C’è Borghi che non vuole ridurre l’uso del contante, e però vuole fare la flat-tax: ovvio, vuole anche uscire dall’euro. C’è Di Maio che non ha la più pallida idea di come gestire le crisi Whirlpool e Knorr, per non parlare dei cassintegrati dell’Ilva o della Fca mandata al diavolo dai francesi. Il Paese è imballato, e Moody’s, in un report, liquida con una solenne pernacchia l’embrione di politica economica di questo governo gialloverde sempre più surreale i cui due dioscuri, però, emettono ieri – dopo due mesi di scontri indiretti sanguinosi – una nota congiunta per dire: “Il governo deve andare avanti”.



È il solito pasticcio all’italiana, talmente vieto e trito che neanche più lo spread reagisce come una volta, cioè sembra non dare più peso all’enormità delle cose dette che però non corrispondono mai a quelle fatte e nemmeno fattibili.

Per fortuna che ancora per sei mesi a Francoforte qualcuno ci ama, pur senza dirlo: è Mario Draghi, presidente della Banca centrale europea. Che ieri ha lanciato un messaggio netto: la politica monetaria deve affrontare con energia la flessione delle aspettative di inflazione. Le decisioni prese, all’unanimità, dal consiglio Bce nella riunione di giugno puntano tutte in questa direzione. La cosiddetta forward guidance (strategia di spinta monetaria alla crescita) è stata prolungata: i tassi resteranno fermi fino alla metà del 2020. Le Tltro – le aste di liquidità a lungo termine finalizzate ai prestiti per le imprese – hanno caratteristiche piuttosto generose, al punto da farne uno strumento non solo tecnico. La Bce, infine, ha detto chiaramente di essere pronta ad agire nel caso in cui la situazione dovesse peggiorare. Non torniamo al cosiddetto “quantitative easing” ma poco ci manca.

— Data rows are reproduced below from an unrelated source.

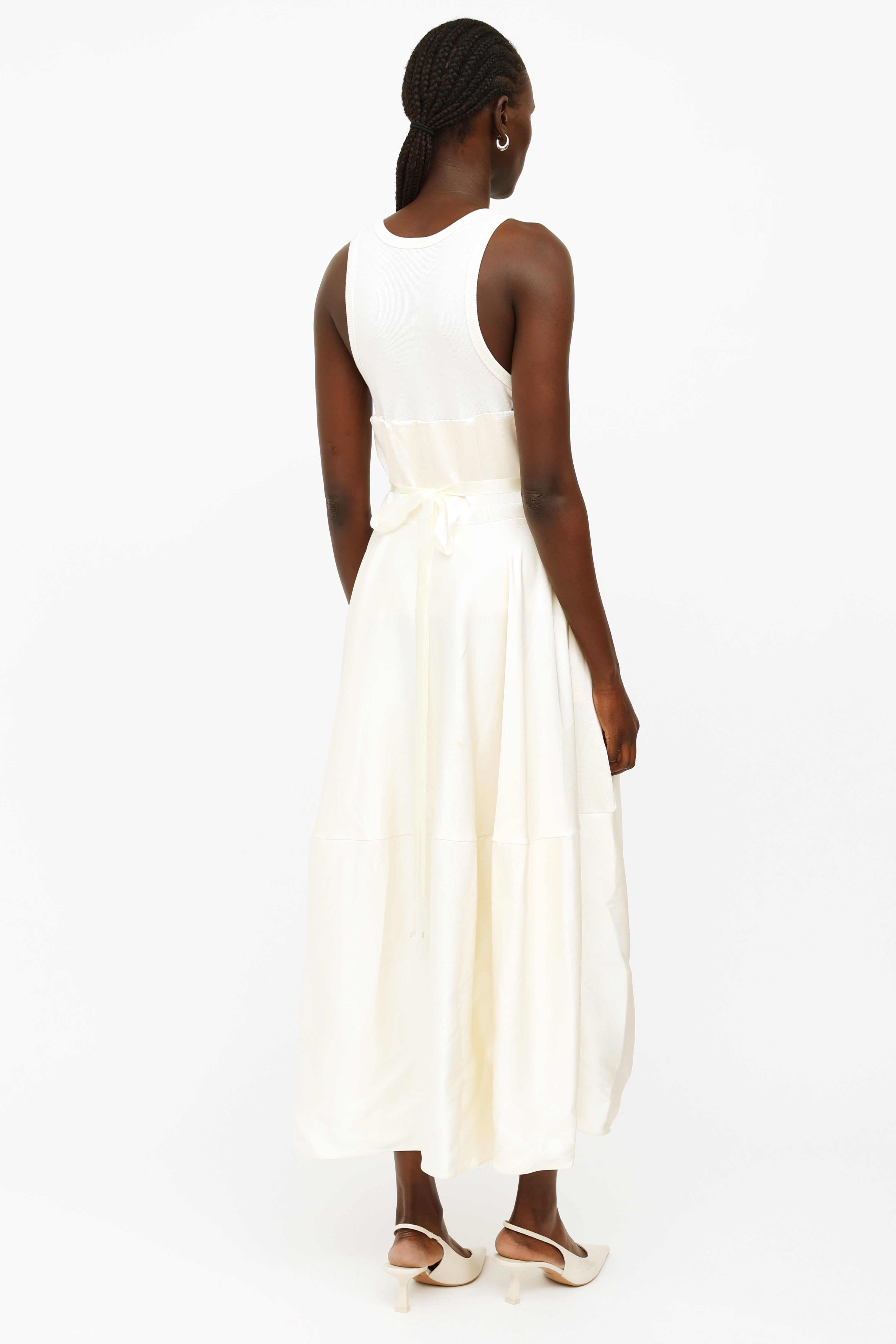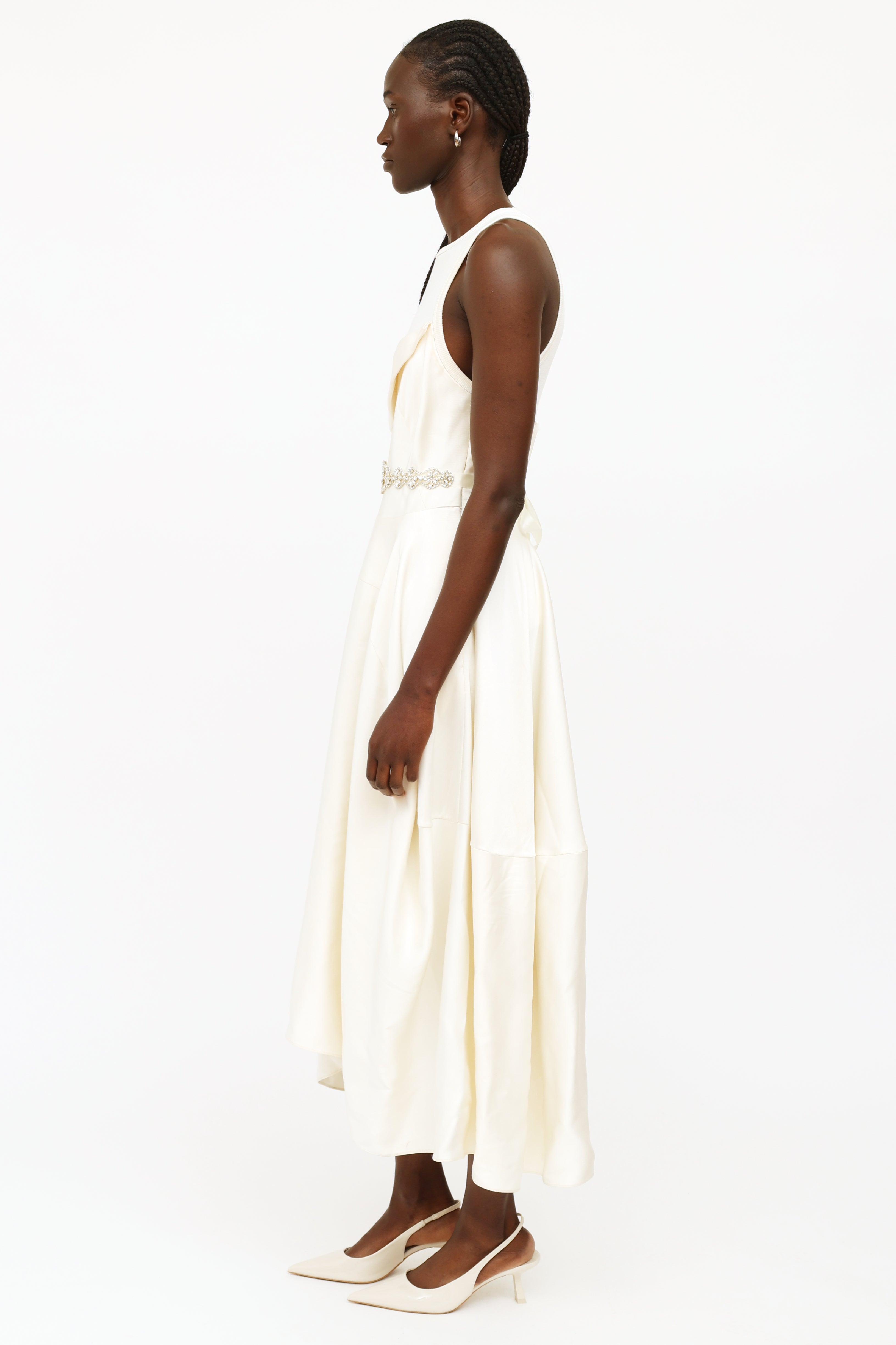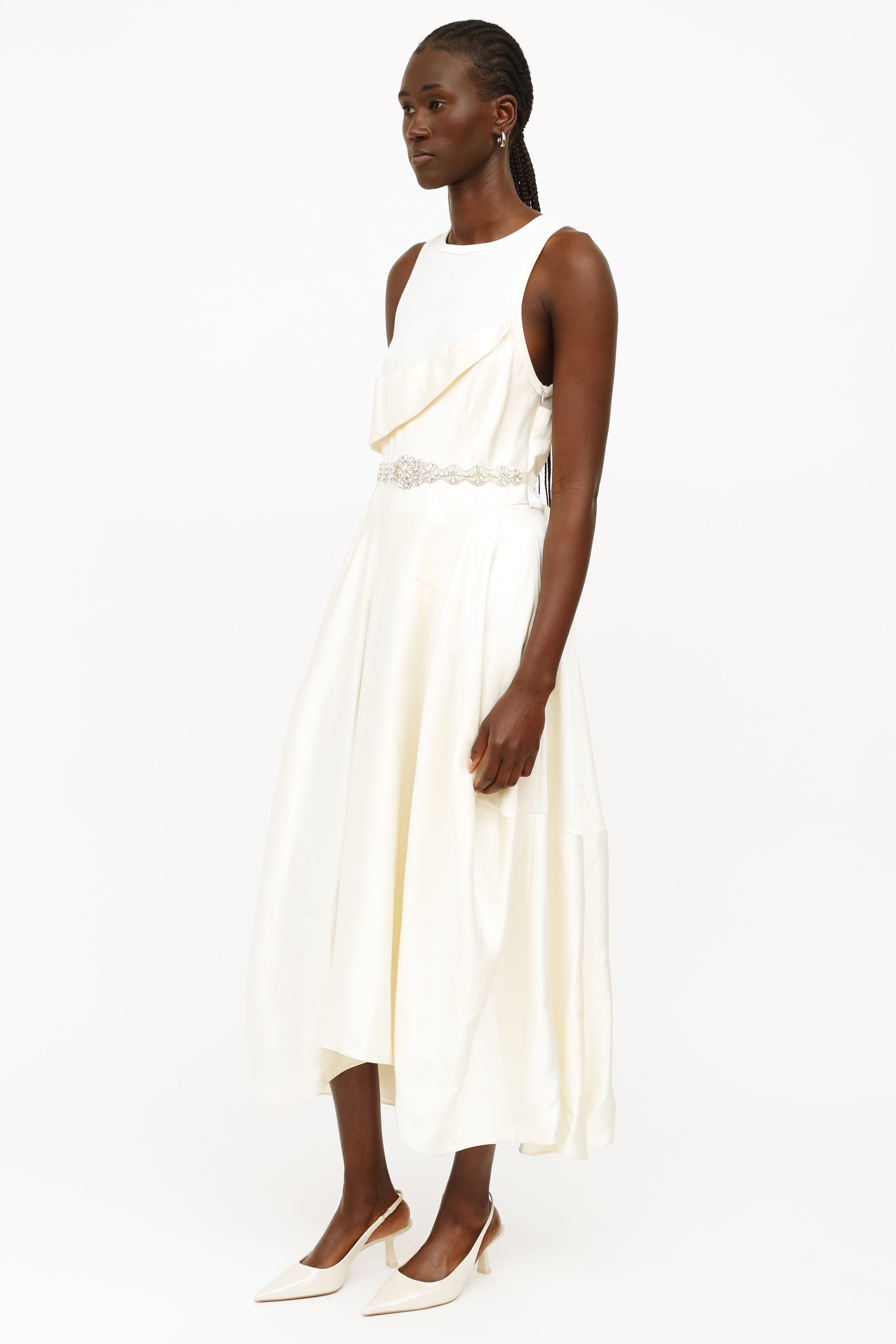 Pre-owned Alexander McQueen cream ribbed tiered dress featuring a round neckline, front tiered ruching at chest, concealed side zip closure, dual slip pockets at waistline, and detachable ribbon belt with embroidered silver toned hardware.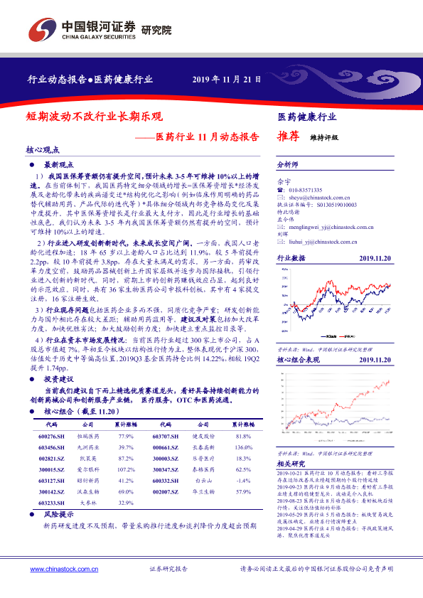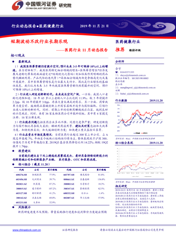 【银河证券】【20191121】医药行业11月动态报告:短期波动不改行业长期乐观-70页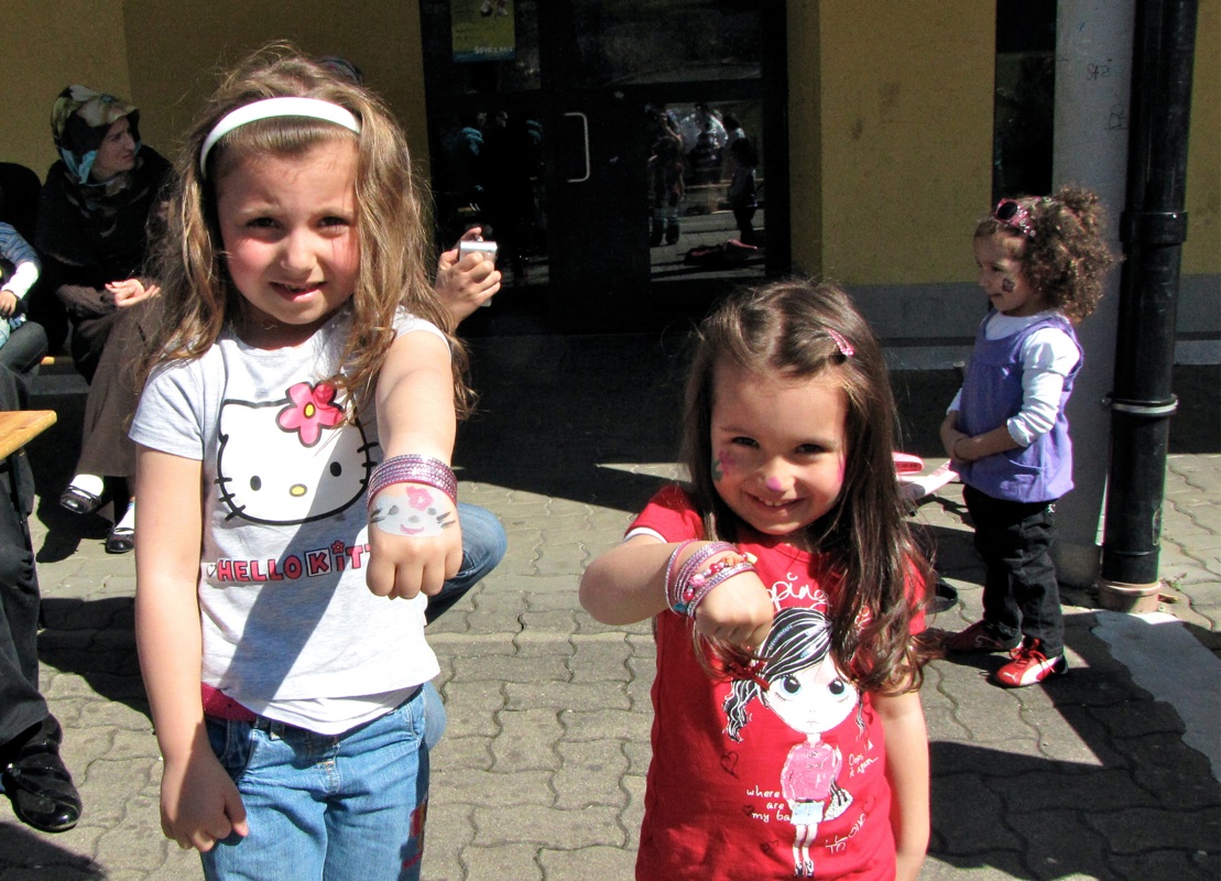 Gizem und Serra zeigen stolz ihre Bemalung

E i tedeschi che dicono? Niente, per ora, perché sono smarriti politicamente e nei guai economici (si fa per dire) anche loro.  Dunque non si oppongono alle preoccupazioni della Bce sull’incertezza alimentata dalla lenta evoluzione dell’economia globale con la connessa riduzione della già bassa inflazione.

Le cause avvistate dalla Bce sono essenzialmente il protezionismo americano e la Brexit. La Bce non ha strumenti contro gli effetti dell’aumento dei dazi, ma questo accentua l’apprensione. Per i mercati finanziari, la globalizzazione del commercio era la garanzia di un mondo multipolare e pacifico. Se questo mondo non è più garantito dai commerci, l’apprensione esplode.



Quindi: apprensione per il quadro internazionale, crescita lenta, inflazione bassa, e tassi bassi, per stimolare produzione e inflazione…

Come risolverla? Draghi non ne parla in pubblico ma si sa che sta scegliendo tra un nuovo taglio dei tassi o la riapertura dell’acquisto titoli (Qe).

Nessun riferimento diretto in questo orizzonte all’Italia finché Draghi sbotta quando gli chiedono che ne pensa dei minibot, evocati da qualche scienziato del governo per farsi ridere dietro. Draghi non ha riso e ha detto: “O sono moneta, illegale, o sono debito”.

Nel frattempo le apprensioni per il lento andamento dell’economia contagiano tutto il mondo. Martedì scorso, la banca centrale australiana ha ridotto i tassi di interesse ai minimi storici. Sono ben più ricchi di noi, ma fan fatica anche loro.